Ogni volta che vengo qui, accolto da Stefania Moroni che continua ad issare lo stendardo di questa storica famiglia della ristorazione italiana, con gli impareggiabili Alessandro Negrini e Fabio Pisani, mi si placa il languore e mi sento come a casa. La cucina è importante ma in un grande ristorante devi avvertire anche questa sensazione. 

VINO DELL’ANNO

Coevo 2011, Cecchi winery, Castellina in Chianti (Si) 
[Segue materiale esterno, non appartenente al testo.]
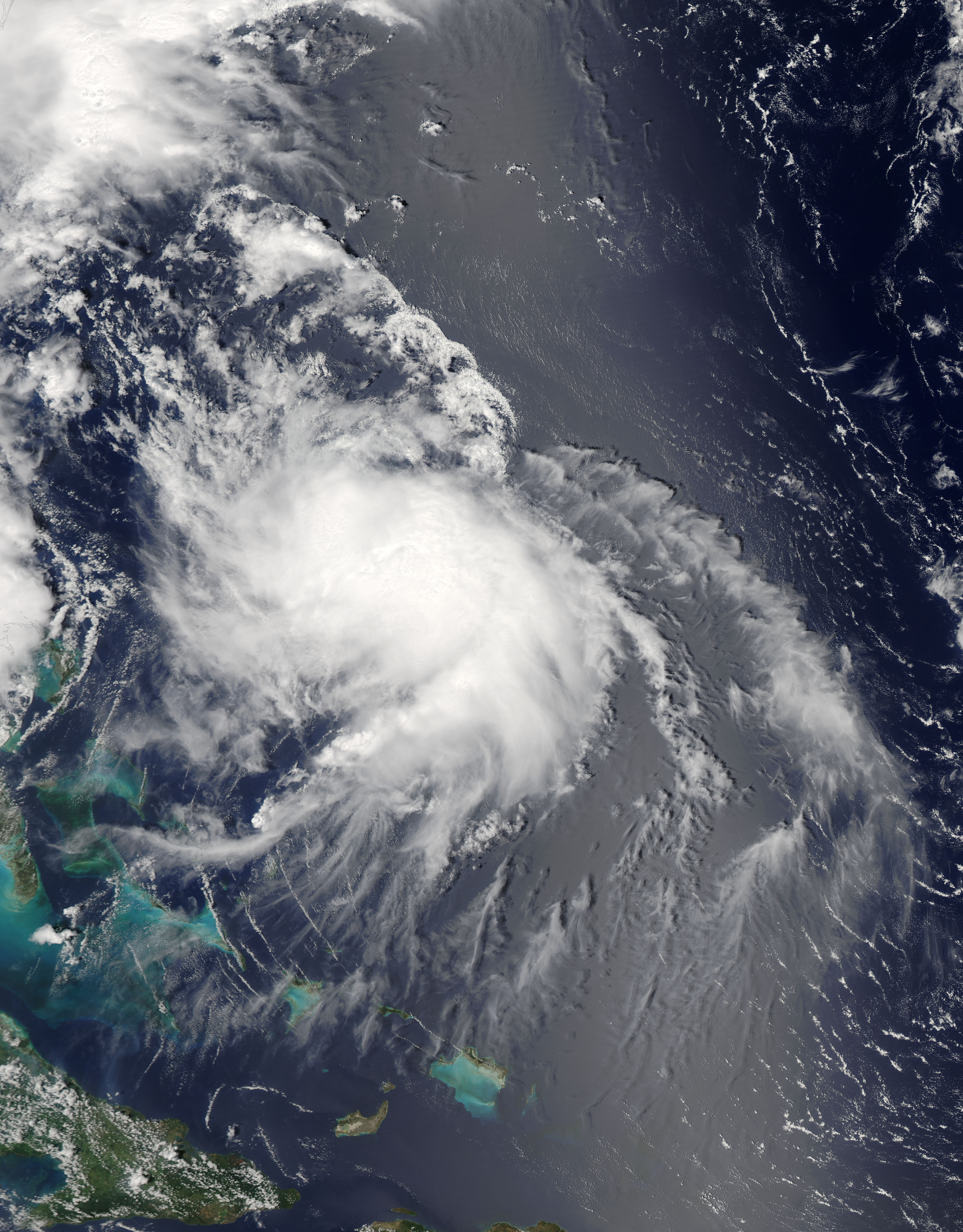 Hurricane Bertha (03L) off the Bahamas
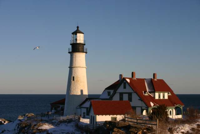 Portland Head Light sits near dusk on a winter day.
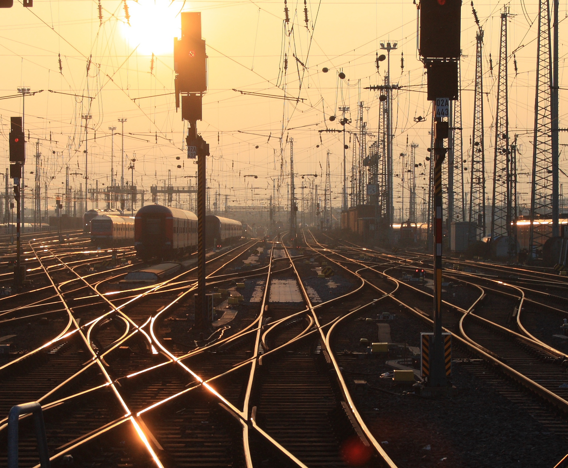 Railway tracks in the sunset. Taken at Frankfurt Central Station.
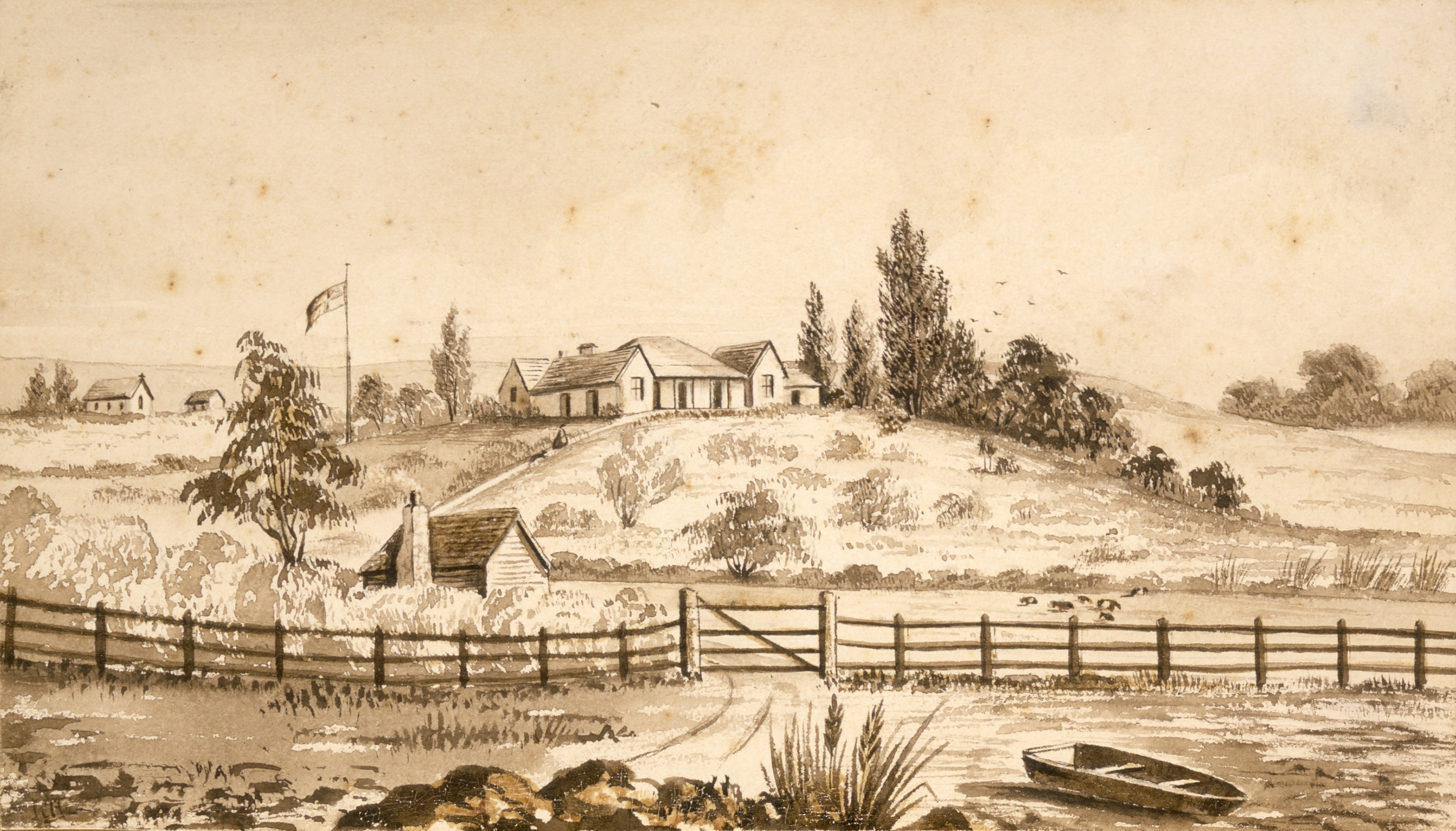 A boat on a shore in the foreground, in front of a fence and gate. Beyond the fence, on a low hill, is a large single-storied house, with several outbuildings, and a flag flying to the left. The house, owned by Hon T Houghton Bartley, is surrounded by a well-developed garden. Stokes' Point (these days, the locality is the northern landing of the Auckland Harbour Bridge on the North Shore).

Un vino contemporaneo e pure antico, quindi senza tempo, capace di invecchiare con stile grazie alle sue proporzioni nell’uvaggio (Sangiovese 50 per cento, Cabernet Sauvignon 20, Petit Verdot 10, Merlot 20), al sentore di frutti rossi e liquirizia e grazie, soprattutto, allo splendido progetto di Andrea e Cesare Cecchi.

PRODOTTO DELL’ANNO

Salmone Upstream, Parma

Claudio Cerati ha inventato il salmone che va controcorrente due volte. Sì, perché ci va già di suo, ma questo prodotto che viene dalle isole Far Oer e viene affumicato con un mix di legni, faggio su tutti, del Monte Caio sull’Appennino Parmense, va contro tendenza una seconda volta perché non è un prodotto solo da feste comandate. E’ lui la festa, infatti, e si può e si deve mangiare sempre, per il gusto delicato, per l’intensa permanenza del sapore, per la capacità di scatenare la golosità che è in noi.   

SFIZIO DELL’ANNO

Carbonara au koque Marco Sacco, Piccolo Lago Verbania

Un’idea diventata street food, successo senza precedenti al Salone del Gusto di Torino. La carbonara eretica di Marco Sacco del Piccolo Lago, con il prosciutto (al posto del guanciale) i tajarin (al posto dei bucatini) con gli altri prodotti del suo territorio. Risultato? La richiesta del bis. E anche del tris.

SCORRIBANDA ALLA CARRIERA

Ezio e Renata Santin

Per fortuna ho avuto modo di frequentare l’Antica Osteria del Ponte quando Ezio e Renata Santin erano ancora là, davanti al un pezzo di placido Naviglio, a incantare con la loro cucina con la loro ospitalità, due parti della stessa mela. Ahinoi, non ci sono più. Però, già pensionati, ho avuto la fortuna di conoscerli personalmente, di frequentarli e questa la ritengo la seconda, e più grande, grande fortuna.